____ Provided entries

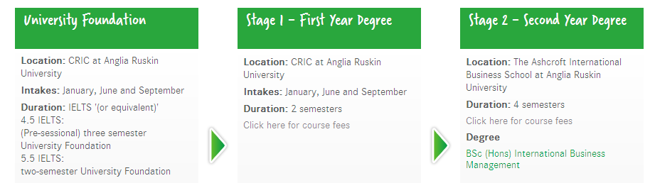 Из представленных здесь колледжей Навитас самый короткий путь к получению степени бакалавра с отличием в области управления международным бизнесом (BSc (Hons) International Business Management) предлагает Cambridge Ruskin International College (CRIC). Это происходит не за счет сокращения каких-то академических дисциплин, а из-за спрессованности учебных семестров. Тем, кто выберет эту программу, придется учиться последние 1,5 курса практически без каникул, но таким образом они сэкономят значительные средства на стоимости обучения и расходах на проживание. Схематически это выглядит следующим образом:
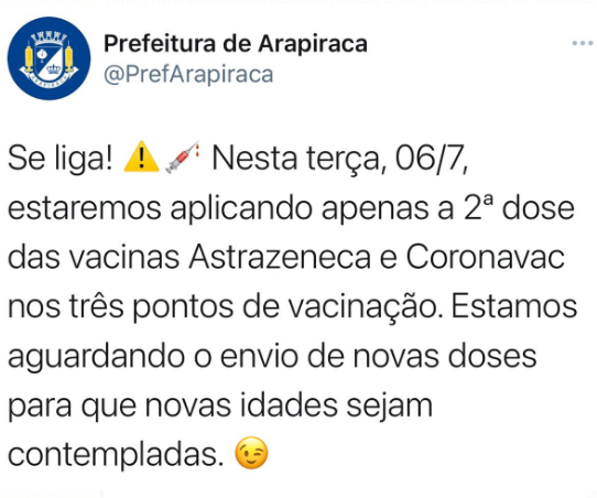A Prefeitura de Arapiraca anunciou, na noite desta segunda-feira (5), que estará aplicando apenas a segunda dose das vacinas AstraZeneca e Coronavac nesta terça-feira (5).
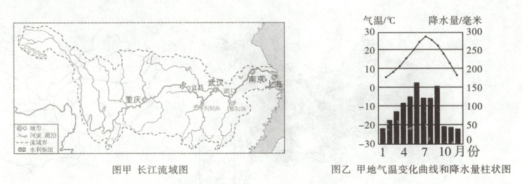 ,注入东海。(2)结合图乙,分析长江的水文特征。(从流量、汛期、结冰期等方面说明)
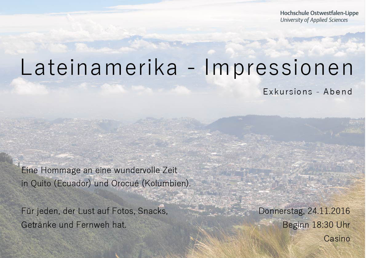 Von den Exkursionen nach Ecuador und Kolumbien berichten Studierende am Donnerstag, den 24. November 2016 ab 18.30 Uhr im Casino. Die Reisen gingen nach Quito und Orocué. Dieser Abend richtet sich laut Prof. Martin Hoelscher auch an diejenigen, die vielleicht nächstes Jahr mit nach Lateinamerika fahren möchten. Neben Fotos wird es auch Snacks und Getränke geben.
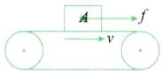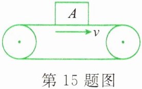 15. 如图所示,传送带以速度$v$匀速转动,请画出物体$A$刚放上去时所受摩擦力的示意图。
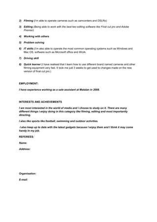 This curriculum vitae is for Mohammad Sajad Ebrahimpour. It outlines his education history including current study of BTEC L3 in Creative Media Production and GCSE English. Previous qualifications are listed along with skills in photography, filming, editing using software like Final Cut Pro and Adobe Premier. Work experience includes a role at Matalan in 2008. Interests are in media, filming, editing and directing with enjoyment of sports and outdoor activities.
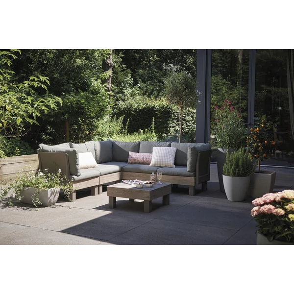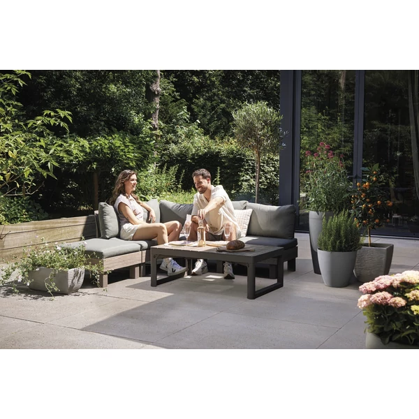 A szett ellenáll a kedvezőtlen időjárási körülményeknek és az UV-sugárzásnak, és nagyon könnyen tisztán tartható. A dió/mohazöld színkombináció meleg, természetes megjelenést kölcsönöz, amely harmonikusan illeszkedik a zöld környezetbe.
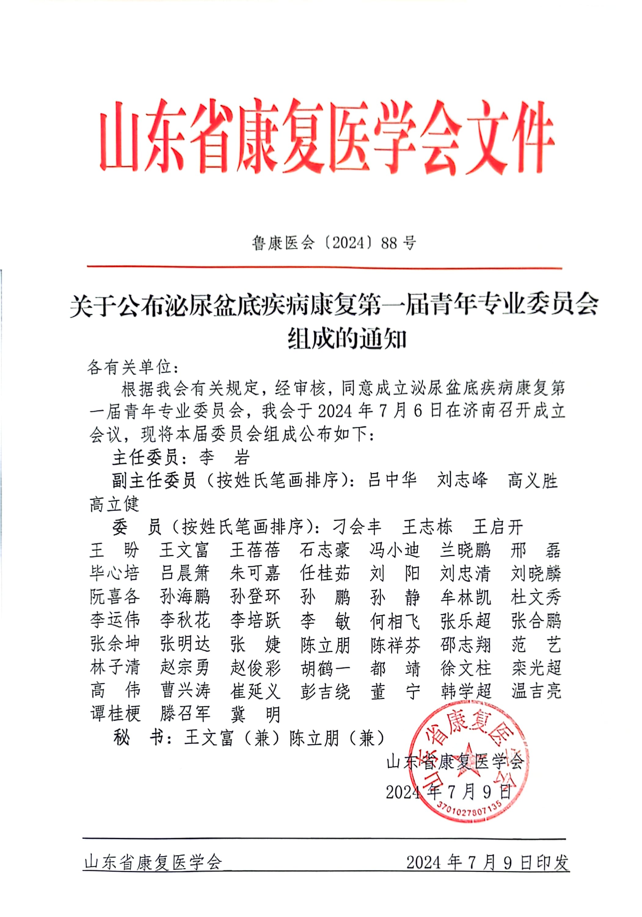 关于公布泌尿盆底疾病康复第一届青年专业委员会组成的通知
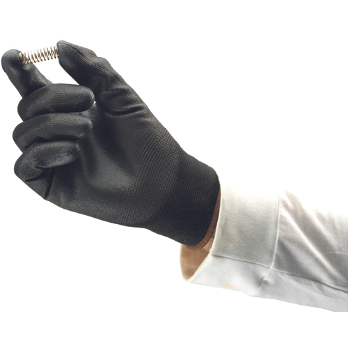 Bezešvé rukavice z nylonového úpletu, s vrstvou polyuretanu v dlani a na prstech, pružným nápletem a odolností vůči oděru tř. 4, vhodné pro lehké aplikace.
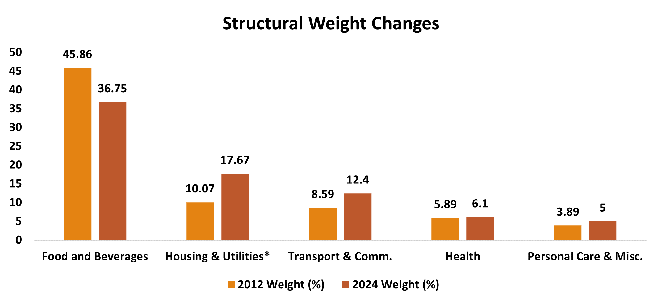 The most dramatic structural shift is in the weight of Food and Beverages:
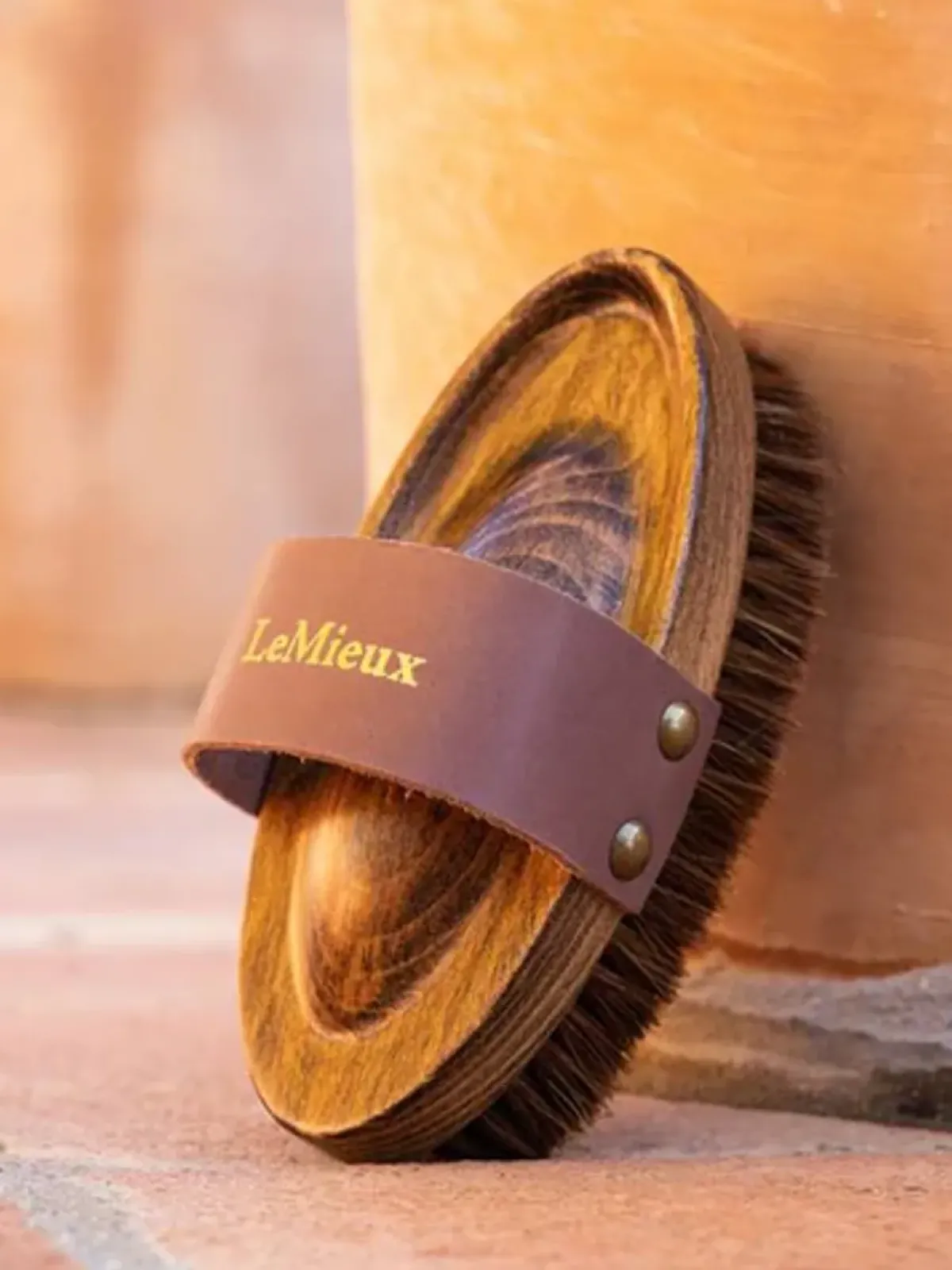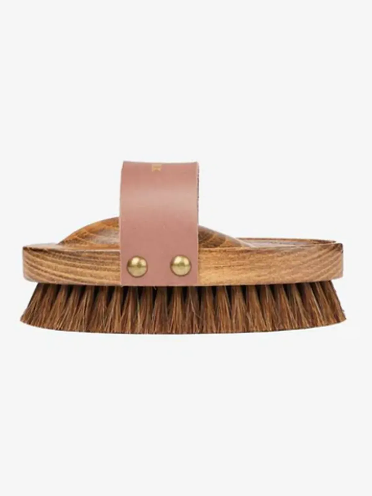 Lærremmen med gullfolie-prægede logo gir et sofistikert preg, mens den solide trebasen gir en ergonomisk passform i hånden for økt komfort mens du børster.
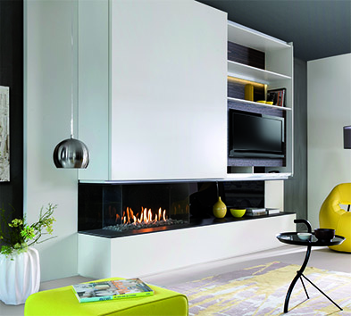 Bei der Serie der gasbetriebenen Feuerstellen ECO-prestige ermöglicht der Einsatz eines zusätzlichen Gasbrenners in den Keramikholzscheiten, die Flammenhöhe zu verdoppeln und so ein Flammenschauspiel anzubieten, das sich den einzigartigen Dimensionen der Panoramascheibe bestens anpasst. Außerdem kann der Effekt des lodernden Holzfeuers optional durch ein glimmendes LED-Glutbett ergänzt werden. Die rahmenlose Sichtscheibe gewährt großzügigen
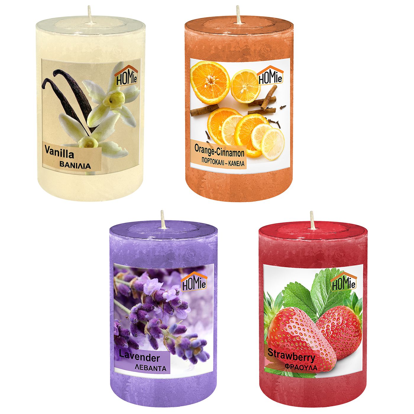Αρωματικό. Εκρού=βανίλια, κόκκινο=φράουλα, μώβ=λεβάντα ø7x10cm
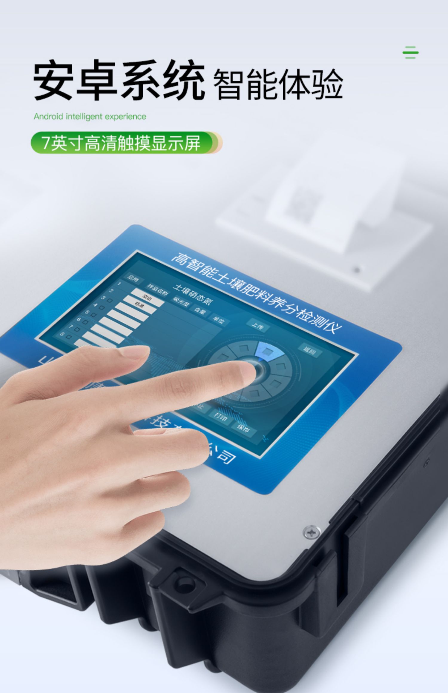 | ★1、安卓智能操作系統Android 7.1版本,主控芯片采用ARM Cortex-A7,RK3288/4核處理器,主頻1.88Ghz,運轉速度更快速,穩定性更強。 | ★2、可檢測各種土壤、肥料、作物、食品、水質、環境等共200多個測試項目,一機多用,功能齊全。 | ★3、測試速度更快!無需空白對照和標準校準,省卻以往繁瑣的操作步驟,一鍵式操作,直接讀取數據,**率,低消耗。 | ★4、采用精密旋轉比色池設計(**號:** 2018 2 1777724.7),光源一致性更加**,保證檢測精度。 | ★5、12個旋轉檢測通道,一次性可快速檢測12個樣品,極大提升檢測效率,降低檢測成本。 | ★6、采用高精度濾光片技術自主**分析方法(**號:** 2020 2 1763837.9),權威認證。 | ★7、具有自身保護功能,內置人臉識別攝像頭可掃臉登錄,也可設置用戶名和密碼,防止非工作人員操作查看實驗數據。 | ★8、檢測過程中內置校準功能,智能恒流穩壓,光強自動校準,確保檢測準確度,取得中國計量科學研究院的《校準證書》。 | ★9、內置傳感器航空接口,插拔方便,配備FDR傳感器、環境多要素傳感器。 | ★10、FDR傳感器為土壤三參數一體式,可同時測量土壤水分含量、土壤環境溫度、土壤電導率(鹽分)方便快捷。 | ★11、環境多要素傳感器為6要素一體式,可同時測量空氣溫度、空氣濕度、露點、大氣壓力、光照度、二氧化碳。 | ★12、儀器標配wifi無線上傳、4G聯網傳輸、GPRS無線遠傳,快速上傳數據。 | ★13、配有智慧云農業平臺,儀器連入無線網絡后,可將檢測數據可選擇性或批量無線上傳,方便用戶進行數據管理和長期分析。 | 14、儀器配同時具有USB接口、以太網接口,內置大容量內存,并可隨時用U盤拷貝數據。 | ★15、可用手機隨時登錄云平臺在線移動查看歷史數據 | ★16、內置作物專家施肥系統,可對百余種全國農業經濟作物、果樹等的目標產量計算推薦施肥量,依據施肥配方科學指導農業生產。測土配方施肥結果可打印,打印內容包含:作物種類、肥料種類、目標產量、需求總量、建議施肥方案。 | ★17、內置植物營養診斷標準圖譜,根據各農作物營養缺失的圖片,進行葉面對比,診斷豐缺。 | ★18、4波長專業測試冷光源(紅、藍、綠、橙),光源波長穩定,長時間連續工作光源無溫漂現象,壽命長達10萬小時級別,重現性好,準確度高。 | 19、比色池部分采用標準1cm比色皿,無機械位移及磨損,光路測試定位**,有效屏蔽外光干擾,保證檢測結果優于國標要求。 | ★20、儀器系統內帶有樣品前處理操作視頻,各種樣品檢測方法點擊視頻模塊即可觀看,檢測人員無需自學說明書,指導教學方便快速,方便新手快速操作。 | 21、內置新一代高速熱敏打印機(無需色帶),打印內容包含:檢測單位、檢測人員、檢測項目、通道號、吸光度、養分含量(mg/kg)、檢測時間、以及二維碼等信息 | ★22、高靈敏7寸真彩觸摸屏,采用更加**和人性化操作,高清晰高交互顯示,大程度降低傳統儀器的繁瑣操作和失誤,并取得多項《軟件著作權》。 | 23、內置時鐘功能,方便操作時間記錄,長期歷史追溯。 | 24、可設置多賬戶賬號密碼登錄,**UI交互界面,不同的用戶可自由添加編輯檢測信息,保存后可長期使用。 | 25、GPS功能:可在野外作業時記錄經緯度地點,滿足特殊用戶需求。 | 26、內置低電壓提示功能,可在檢測時明確電量,避免測試數據偏移,同時具有斷電保護功能,斷電自動保存數據,防止數據丟失。 | ★27、交直流兩用供電方式,內置大容量充電鋰電池,滿電狀態下可連續工作10余小時,同時可外接車載電源蓄電。 | ★28、儀器具有中英文切換功能,可滿足出口要求。 | 29、高強度PVC工程塑料手提箱設計,堅固耐用,便于攜帶。 |

________

**Assigned task**. Text only, no pictures: please print exactly the lines above from the line with "A szett ellenáll" up to and including the line with "Αρωματικό. Εκρού=βανίλια, κόκκινο=φράουλα, μώβ=λεβάντα", and nothing else.

**Result**.
 A szett ellenáll a kedvezőtlen időjárási körülményeknek és az UV-sugárzásnak, és nagyon könnyen tisztán tartható. A dió/mohazöld színkombináció meleg, természetes megjelenést kölcsönöz, amely harmonikusan illeszkedik a zöld környezetbe.
 关于公布泌尿盆底疾病康复第一届青年专业委员会组成的通知
 Bezešvé rukavice z nylonového úpletu, s vrstvou polyuretanu v dlani a na prstech, pružným nápletem a odolností vůči oděru tř. 4, vhodné pro lehké aplikace.
 The most dramatic structural shift is in the weight of Food and Beverages:
 Lærremmen med gullfolie-prægede logo gir et sofistikert preg, mens den solide trebasen gir en ergonomisk passform i hånden for økt komfort mens du børster.
 Bei der Serie der gasbetriebenen Feuerstellen ECO-prestige ermöglicht der Einsatz eines zusätzlichen Gasbrenners in den Keramikholzscheiten, die Flammenhöhe zu verdoppeln und so ein Flammenschauspiel anzubieten, das sich den einzigartigen Dimensionen der Panoramascheibe bestens anpasst. Außerdem kann der Effekt des lodernden Holzfeuers optional durch ein glimmendes LED-Glutbett ergänzt werden. Die rahmenlose Sichtscheibe gewährt großzügigen
Αρωματικό. Εκρού=βανίλια, κόκκινο=φράουλα, μώβ=λεβάντα ø7x10cm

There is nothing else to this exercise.